= Discbox slider =

Optical disc packaging concept

The discbox slider (DBS) is a 100% paperboard optical disc package developed by Stora Enso.

The case is comparable with the plastic jewel or Amaray case when it comes to size, but has more of the features of the LP style cases in terms of weight and printability. The DBS case opens up from the side by moving the slider part (on which the disc is resting) from the sleeve. The Discbox Slider is also considered as an environmentally friendly prerecorded media packaging option as it is 100% recyclable and manufactured using sustainable processes.

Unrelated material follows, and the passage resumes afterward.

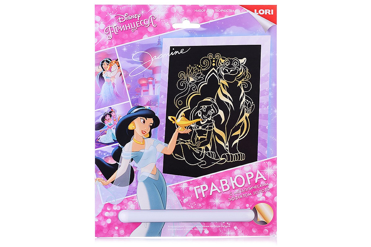 Гравюра Disney большая с эффектом золота "Жасмин и Раджа"
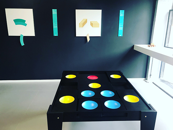 原来这就是“贾斯特罗错觉”,两条等长的曲线,下面的一条比上面一条看上去长一些。同样,两个完全一样的扇形环,包含在下面的扇形环比上面的扇形环看上去大一些。人会不自觉地用两个物品相邻的两边比较,大脑会将拥有较长边物体分辨成比较大的那一个。“这是‘中国难题’华容道”,导览员随后指着眼前一个红蓝黄圆圈图案的桌子说,“厉害的玩家一定要来挑战的项目哦”。

The Discbox slider has two packaging formats: the small-sized DBS CD for CD-sized packaging, and the DBS DVD for DVD-sized packaging (a DVD case which is available both in normal and slim size). The DBS CD case can hold 1–2 discs and a booklet, whereas the DBS DVD cases can hold 1–3 discs and booklet. The DVD-sized case is increasingly being adopted for Blu-ray releases. The Discbox Slider (DBS) packaging is currently being used by record labels and movie studios worldwide.

== Uses ==
Many covermount CDs released in British magazine Mixmag were packaged in discbox sliders. This format replaced the standard jewel case which in turn was replaced by a simple cardboard sleeve. DBSes were also used by General Motors to package instructional CDs included with their vehicles in the 2000s.